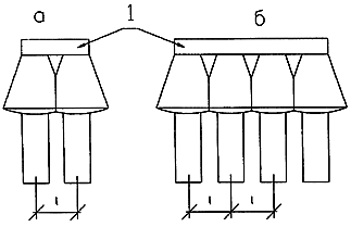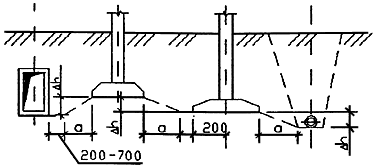 Расстояние "l" между осями двойных или ленточных фундаментов рекомендуется принимать равными: (1,5-2,0)bb при диаметре фундамента bф³ 1,25l, где bb - диаметр шейки фундамента.
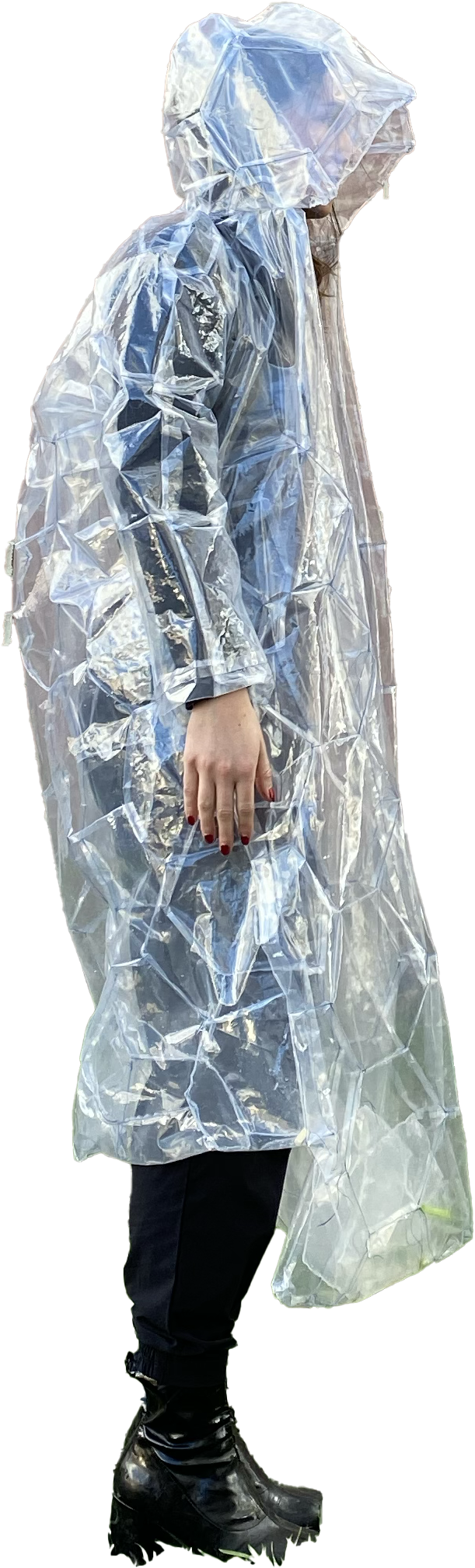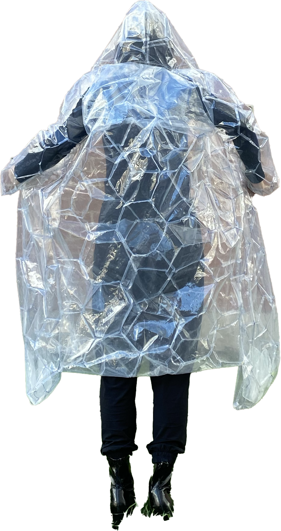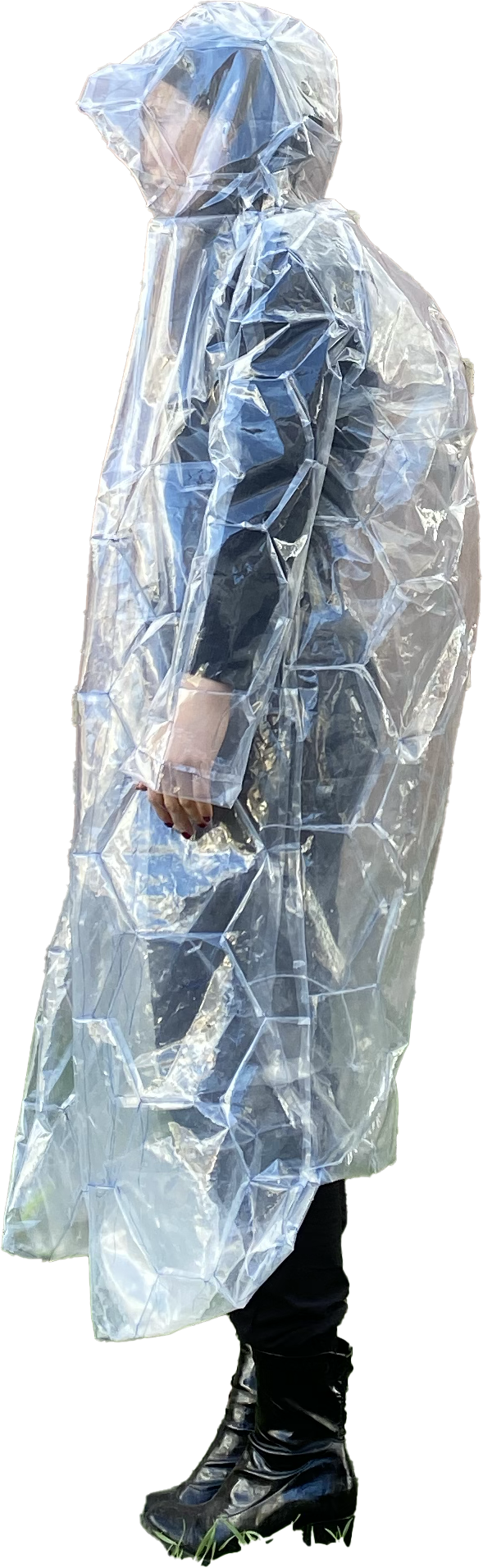 Double-layered quilted plastic creates an insulating, waterproof garment. In between the layers, water-filled hexagons rest at the hem of the coat. As it’s worn, the wearer’s body heat creates condensation, on the interior, that can be seen through the clear plastic to the outside.”
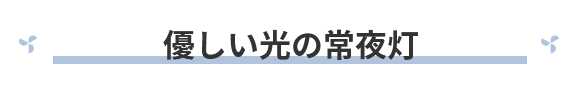 常夜灯の明るさは2段階に調節可能。優しい光ですので、ベッドサイドに置いても気になりません。
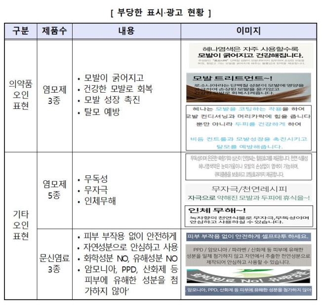 염모제 6개 중 3개 제품이 ‘모발이 굵어지고’, ‘모발 성장 촉진’, ‘탈모 예방’ 등 의학적 효능이 있는 것으로 표현해 소비자가 의약품으로 오인할 가능성이 있었다. 또 5개가 ‘무독성’, ‘무자극’, ‘인체무해’ 등의 표현을 써 부작용이 없는 안전한 제품으로 잘못 인식할 우려가 있었다.
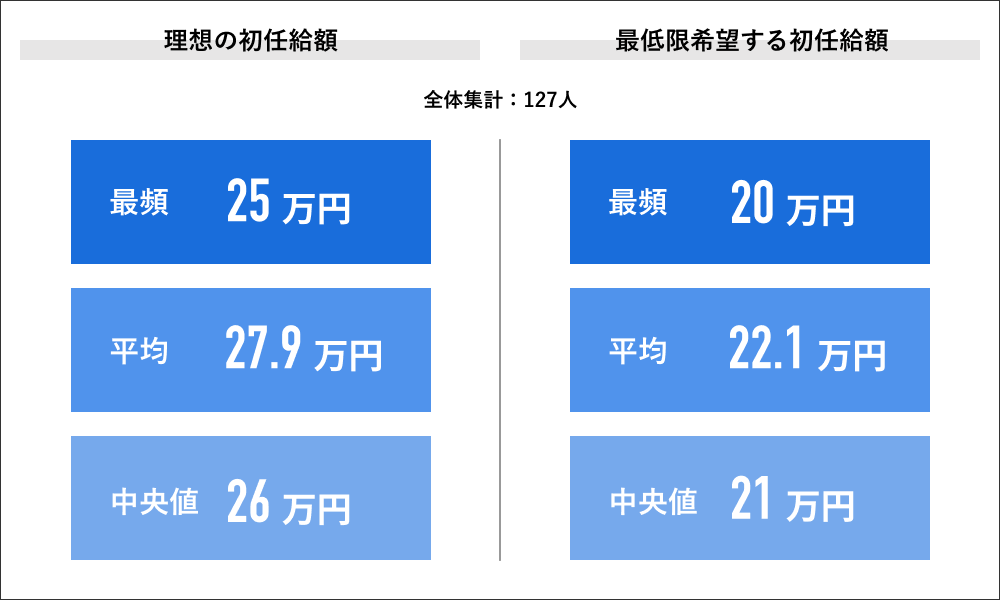 【初任給の理想と最低希望額】
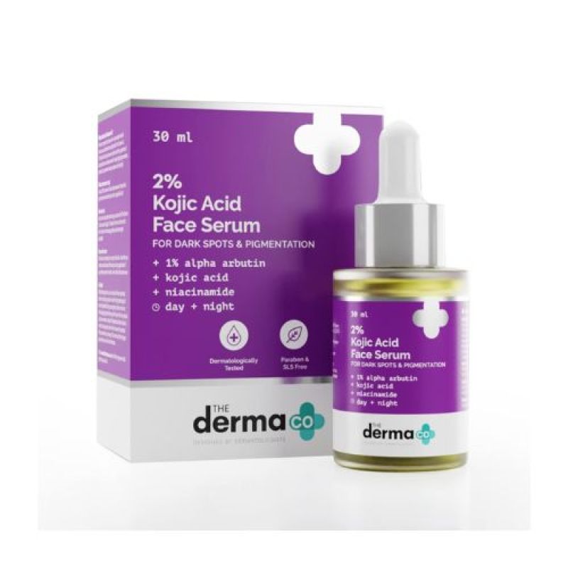 The Derma Co 2% Kojic Acid Face Serum I With 1% Alpha Arbutin & Niacinamide I For Dark Spots & Pigmentation I Anti-Pigmentation Face Serum For All Skin types - 30ml. The Derma Co 2% Kojic Acid Face Serum is a powerful skincare product designed to brighten and even out skin tone. Formulated with 2% kojic acid, it helps reduce dark spots and hyperpigmentation while promoting a radiant complexion. Lightweight and fast-absorbing, this serum is perfect for daily use in any skincare routine.
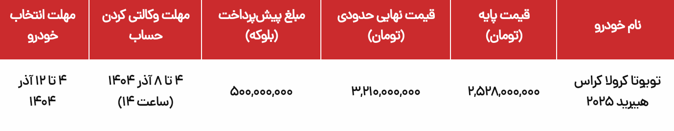 بر اساس اطلاعیه رسمی منتشر شده، فرآیند ثبت‌نام و عرضه این خودروی هیبریدی ژاپنی در آذرماه ۱۴۰۴ کلید خورده‌است. این رویداد فرصتی تازه برای مصرف‌کنندگان ایرانی است تا به یکی از پرفروش‌ترین کراس‌اوورهای بازار جهانی دسترسی پیدا کنند؛ خودرویی که از زمان معرفی در سال ۲۰۲۰ تاکنون، فروشی بالغ بر یک میلیون دستگاه را در ۱۴ کشور و بازارهای اروپایی تجربه کرده‌است.

________________________________________

With the pictures dropped, write out all of the entries word for word.

• _Exercise response_
 Расстояние "l" между осями двойных или ленточных фундаментов рекомендуется принимать равными: (1,5-2,0)bb при диаметре фундамента bф³ 1,25l, где bb - диаметр шейки фундамента.
 Double-layered quilted plastic creates an insulating, waterproof garment. In between the layers, water-filled hexagons rest at the hem of the coat. As it’s worn, the wearer’s body heat creates condensation, on the interior, that can be seen through the clear plastic to the outside.”
 常夜灯の明るさは2段階に調節可能。優しい光ですので、ベッドサイドに置いても気になりません。
 염모제 6개 중 3개 제품이 ‘모발이 굵어지고’, ‘모발 성장 촉진’, ‘탈모 예방’ 등 의학적 효능이 있는 것으로 표현해 소비자가 의약품으로 오인할 가능성이 있었다. 또 5개가 ‘무독성’, ‘무자극’, ‘인체무해’ 등의 표현을 써 부작용이 없는 안전한 제품으로 잘못 인식할 우려가 있었다.
 【初任給の理想と最低希望額】
 The Derma Co 2% Kojic Acid Face Serum I With 1% Alpha Arbutin & Niacinamide I For Dark Spots & Pigmentation I Anti-Pigmentation Face Serum For All Skin types - 30ml. The Derma Co 2% Kojic Acid Face Serum is a powerful skincare product designed to brighten and even out skin tone. Formulated with 2% kojic acid, it helps reduce dark spots and hyperpigmentation while promoting a radiant complexion. Lightweight and fast-absorbing, this serum is perfect for daily use in any skincare routine.
 بر اساس اطلاعیه رسمی منتشر شده، فرآیند ثبت‌نام و عرضه این خودروی هیبریدی ژاپنی در آذرماه ۱۴۰۴ کلید خورده‌است. این رویداد فرصتی تازه برای مصرف‌کنندگان ایرانی است تا به یکی از پرفروش‌ترین کراس‌اوورهای بازار جهانی دسترسی پیدا کنند؛ خودرویی که از زمان معرفی در سال ۲۰۲۰ تاکنون، فروشی بالغ بر یک میلیون دستگاه را در ۱۴ کشور و بازارهای اروپایی تجربه کرده‌است.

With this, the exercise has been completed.